A Bologna l’associazione Sokos pratica la cura come atto d’amore e di giustizia
2 Dicembre 2025
[Anna Maria Francioni]
A Bologna, in via Gorky 12, esiste un luogo in cui la medicina torna alla sua essenza più antica e umana: quella di prendersi cura. Sokos, che in greco significa “sano, salvo, incolume”, nasce nel 1993 da un gruppo di sei amici – medici e non – uniti da una convinzione semplice ma rivoluzionaria: la salute è un diritto universale, non un privilegio.
Quello che allora era un piccolo esperimento di volontariato tra i campi nomadi e i profughi dell’ex Jugoslavia, è diventato oggi un presidio di salute e di umanità che accoglie chi resta ai margini del sistema sanitario: persone senza fissa dimora, migranti senza permesso di soggiorno, cittadini comunitari esclusi dalle tutele del SSN. Sokos è la risposta silenziosa e concreta a un paradosso che ancora lacera la nostra società: in un Paese che all’articolo 32 della Costituzione garantisce il diritto alla salute come diritto fondamentale, troppe persone restano escluse dalle cure.

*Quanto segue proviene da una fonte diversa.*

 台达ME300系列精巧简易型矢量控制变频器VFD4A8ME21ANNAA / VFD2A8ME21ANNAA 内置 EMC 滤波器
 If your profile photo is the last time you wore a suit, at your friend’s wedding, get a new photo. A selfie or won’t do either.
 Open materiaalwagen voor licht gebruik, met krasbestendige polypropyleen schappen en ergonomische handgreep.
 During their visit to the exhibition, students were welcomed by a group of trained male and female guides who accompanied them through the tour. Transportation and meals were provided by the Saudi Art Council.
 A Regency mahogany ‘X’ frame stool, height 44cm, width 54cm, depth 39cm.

Dal 1996, grazie alla convenzione con l’Azienda Sanitaria di Bologna, Sokos ha trovato una casa, prima in via Montebello e poi in via de’ Castagnoli, fino all’attuale sede di Corticella. Qui, ogni settimana, un’équipe di medici, infermieri e operatori volontari offre visite gratuite di medicina generale e specialistica. Tutto il personale lavora senza compenso, spinto da una motivazione che non si compra: l’amore per la professione e per le persone.
Con il tempo, la medicina di base si è arricchita di specialistiche – dalla ginecologia alla terapia del dolore – costruendo un servizio capace di rispondere non solo al bisogno clinico, ma anche a quello umano, culturale e sociale. Perché curare, in Sokos, significa anche ascoltare.

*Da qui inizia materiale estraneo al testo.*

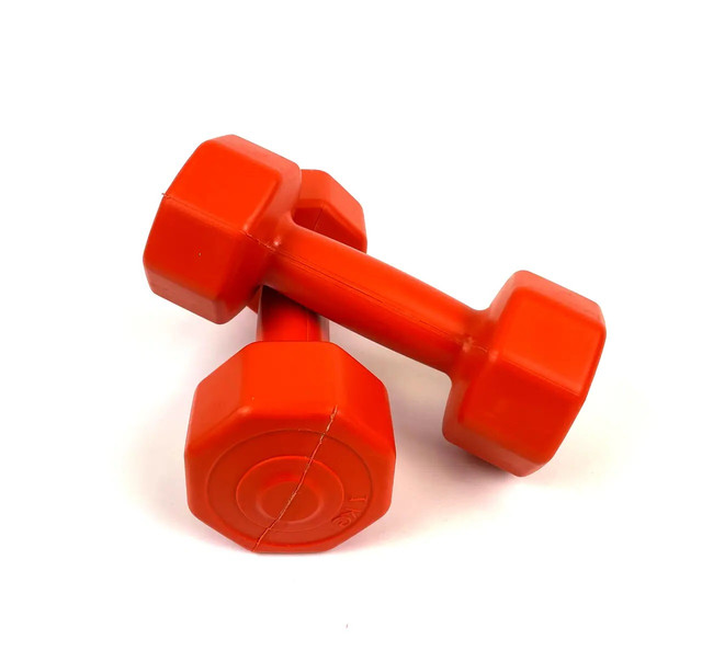 Композитні гантелі з пластиковим покриттям загальною вагою 2 кг. прекрасно підходять як для домашнього використання, так і для фітнес-залів. Комплект гантелей 2 шт. по 1 кг прекрасно підходять для занять спортом, допомагають наростити м'язи рук, грудей, спини та ніг, залежно від виконання вправ. Матеріал — композит. Колір оранжевий.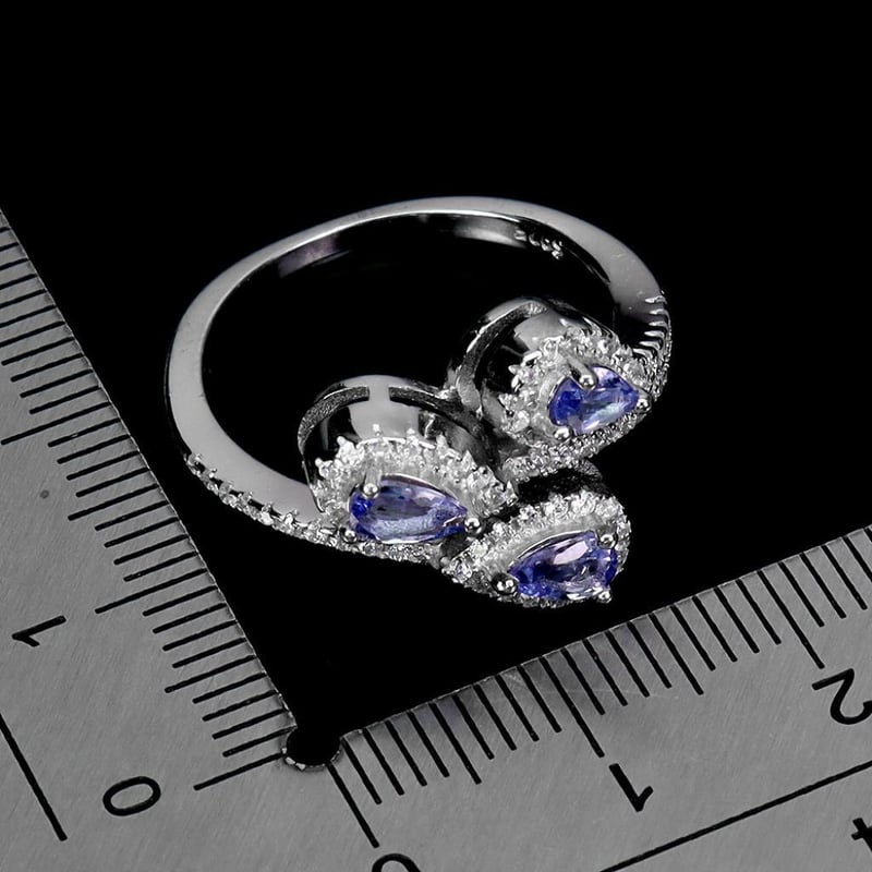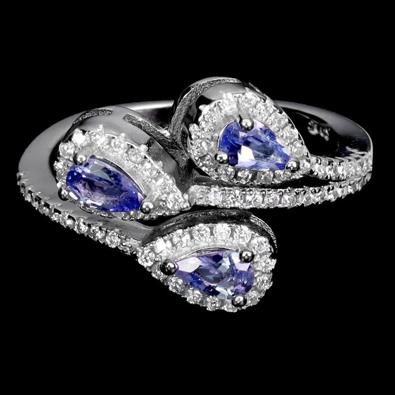 Natural Tanzanite Ring. Made In Solid Sterling Silver And Plated In 14K White Gold. Features Natural Violetish Blue Tanzanite'S And Sparkling Czs. Ring Size 9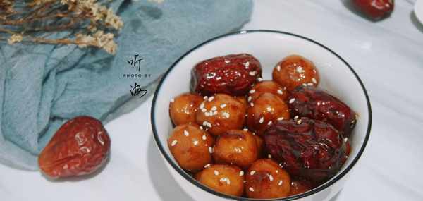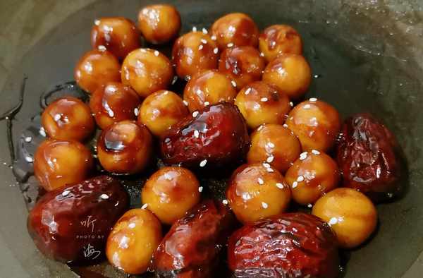 9、再將南瓜糯米丸子和紅棗撈出倒入,開大火不斷翻炒,直至水分全部收幹,湯汁變濃稠,最後再將準備好的白芝麻撒上即可。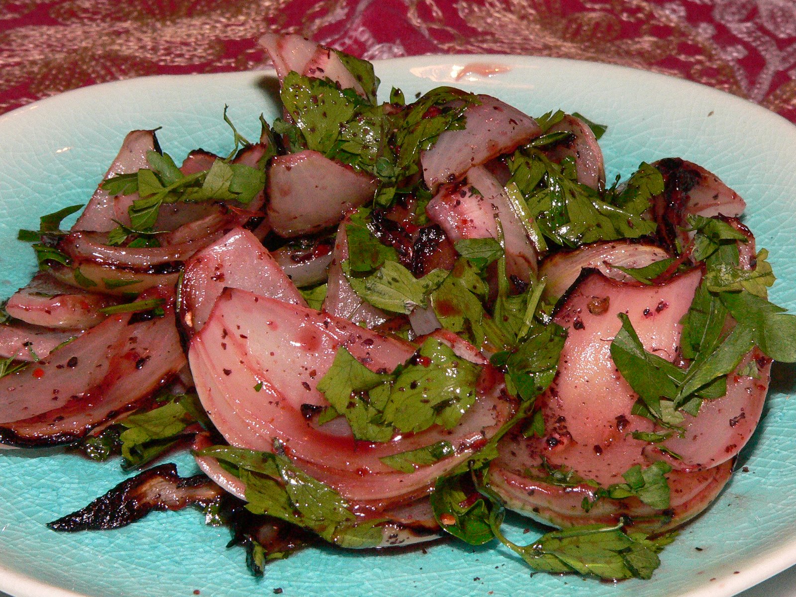 Remove the leaves from the parsley and roughly chop them. Sprinkle over the onions with the sumac and chilli flakes and toss together well. Serve warm, with steak, kebabs, grilled chicken or by itself.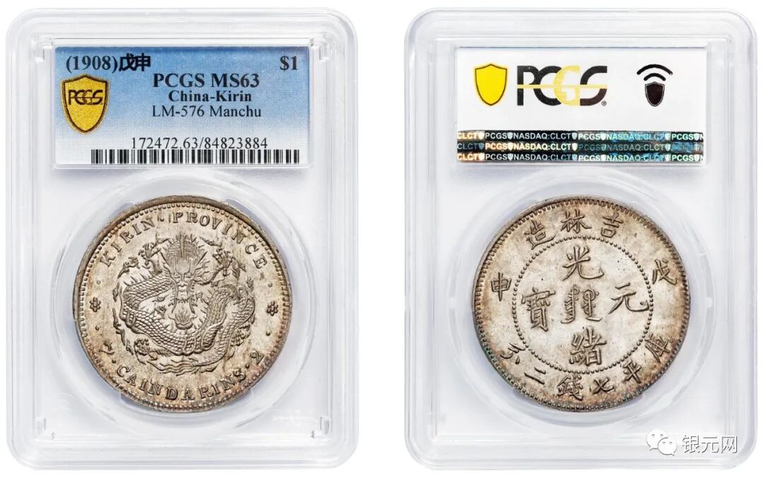 1908年戊申吉林造光绪元宝中心满文库平七钱二分银币一枚,Y-183b/LM-576,币面中心满文直译为“大清国”,系吉林干支年号系列银币中最为珍稀的品种之一,铸额极少;此币铸造时间短暂,制成后大多进入市面流通,因此,所见存世品通常品相不佳,或币面磨损,或打有戳印,版底无伤、龙鳞清晰、银光姣好者如凤毛麟角,因此,老一辈藏家对吉林戊申花篮、戊申满文二种银币的品相要求普遍不高,币面无戳印者即为佳品;拍品铸打极为卓越,底版细腻无痕,光亮如镜,铭文书法遒劲隽挺,龙鳞锋刃,包浆轻薄均匀,银光通透,其状态非一般吉林系列银币所能比拟,轶类超群,令人一见倾心;目前所见,经PCGS评鉴入盒的戊申花篮和满文两大最珍罕版式银币中,唯有此一品原光未流通状态可达BU等级,堪称吉林省铸币顶级珍品,PCGS MS63,目前以高于第二名3分的绝对优势,遥遥领先于该公司评级榜单之首位

Senza clamore, Sokos da oltre trent’anni colma i vuoti lasciati dal sistema, offrendo un servizio essenziale che alleggerisce anche il carico del Servizio sanitario.

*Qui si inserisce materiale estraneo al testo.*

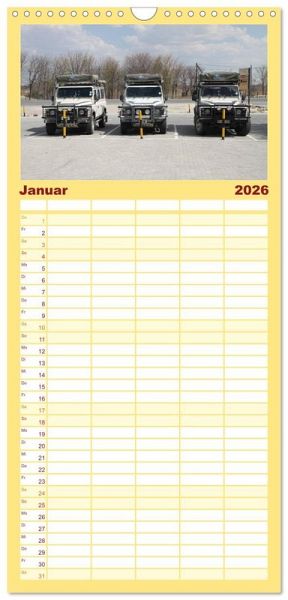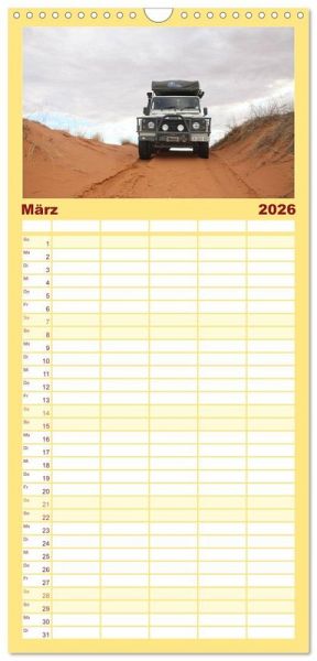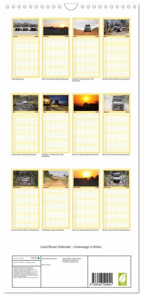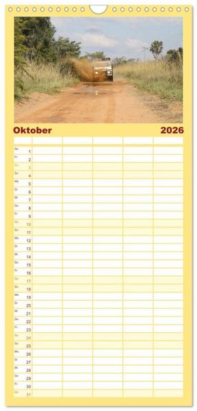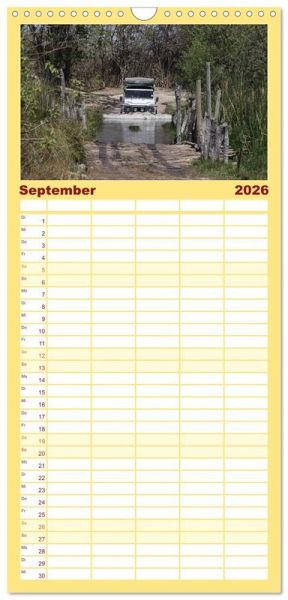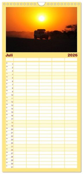 PRAKTISCH - übersichtlicher Familienkalender mit 5 Spalten für bis zu 5 Personen für mehr Struktur im Alltag - so bleiben alle Termine im Blick!ÜBERSICHTLICH - mit farblich getrennten Wochen- und Feiertagen. Die einzelnen Felder bieten genügend Platz für Eintragungen. So macht Organisieren Spaß!FANTASTISCHE BILDER - Dieser Planer ist nicht nur eine nützliche Hilfe im Alltag, sondern schmückt gleichzeitig Ihr Zuhause. Ideal auch als Geschenk.FÜR ALLE STIFTE GEEIGNET - ganz egal, ob Sie lieber mit Kugelschreiber oder Bleistift schreiben.NACHHALTIG - deutliche Abfallreduzierung durch bedarfsgerechte Einzelstückfertigung, umweltfreundliches FSC-zertifiziertes Papier, Produktion in Deutschland, klimabewusste Logistik.4x4 in Afrika, der Defender im afrikanischen Busch von Autor(in): Stefan Sander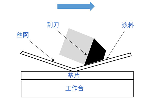 丝网印刷是利用丝网图案部分网孔透浆料,非图案部分网孔不透浆料的基本原理进行印刷的一种技术。具体原理为:印刷时在丝网一端倒入浆料,用刮刀在丝网的浆料部位施加一定压力,同时朝丝网另一端移动,从而使浆料在移动中被刮板从图形部分的网孔中挤压到基片上,如图1所示。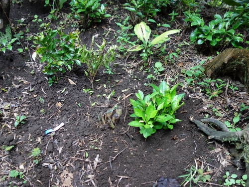 エビネ(上)と生姜(左上の榊の木を立ててあるところ2ヶ所)の近くです。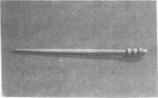 骨簪春秋时代束发用具。1965年沈阳市于洪区郑家洼子墓葬出土,长14.8、直径0.2—0.4厘米,一对上粗下细,尖头圆箸形。这对发簪对研究春秋时代东胡族的结发形式,提供了实物资料。 |
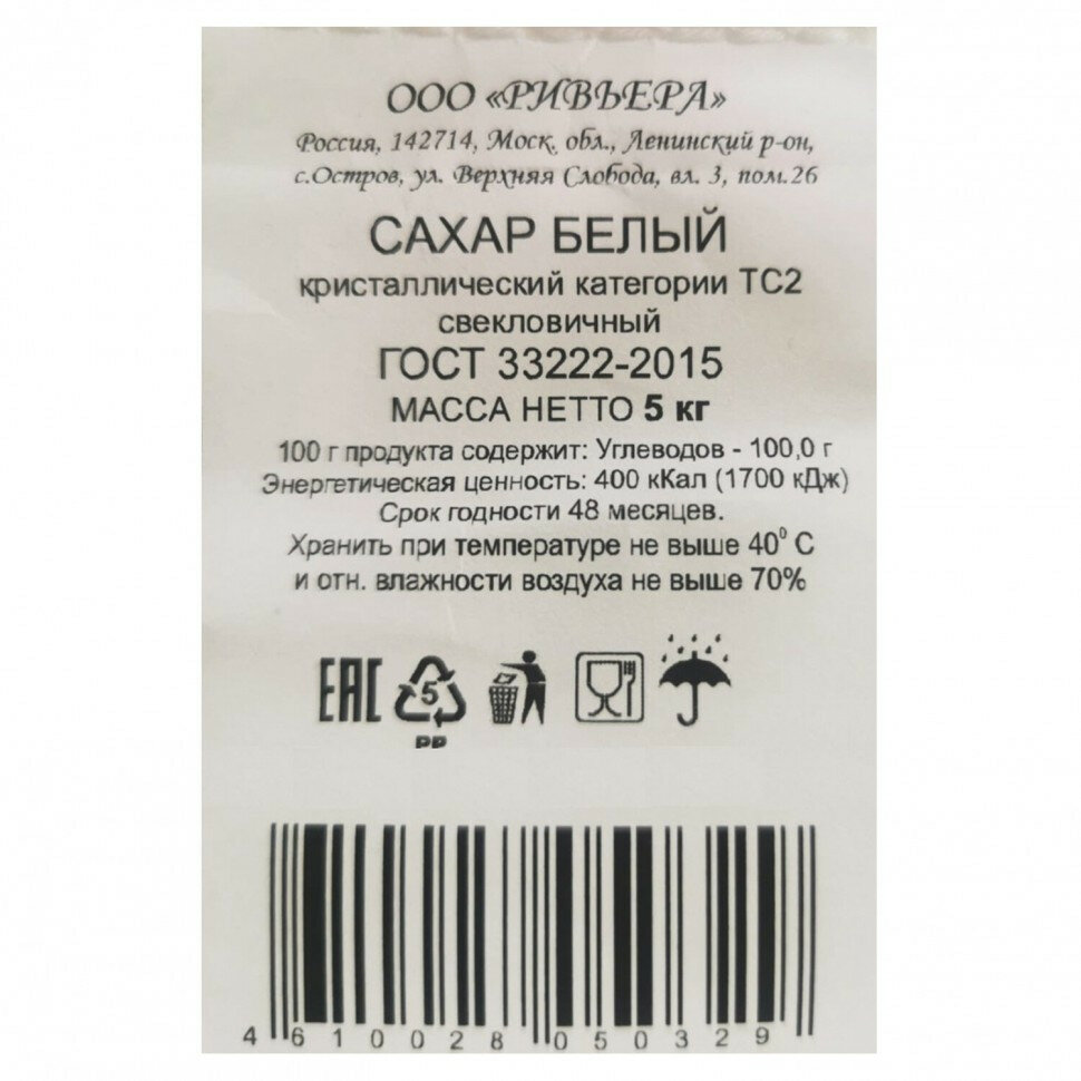 Сахар-песок 5 кг, мешок, 500316 интересное:

Ogni visita diventa un incontro tra mondi: un paziente porta con sé la storia del proprio corpo, ma anche quella del suo Paese, delle guerre, delle fughe, delle ingiustizie. Sokos è così anche un osservatorio prezioso sul mondo, dove la medicina si intreccia con la geografia umana del nostro tempo. Le nazionalità cambiano, i volti si alternano, ma resta costante la trama invisibile che lega ogni storia: la ricerca di dignità attraverso la salute. In una società che tende a escludere chi non produce o non consuma, Sokos resiste come una scelta civile di cura e di solidarietà. Non spettacolarizza la solidarietà, la pratica. Non promette miracoli, ma offre presenza. E lo fa con mezzi minimi, senza fondi strutturali, solo grazie alla dedizione di chi crede che la cura sia un gesto di giustizia sociale.
«Non sempre basta curarsi», dicono i volontari, «la possibilità di sentirsi parte, di essere riconosciuti, deve essere un diritto». È in questa frase che si riassume l’anima di Sokos: la medicina come spazio di incontro, dove le differenze non dividono ma costruiscono.
Oggi Sokos chiede solo una cosa: di essere conosciuto. Non per farsi pubblicità, ma per continuare a esistere. Perché in quell’ambulatorio silenzioso pulsa qualcosa che raramente si trova altrove: la prova che un mondo più giusto è possibile, se qualcuno sceglie ogni giorno di guardare negli occhi chi è stato lasciato indietro.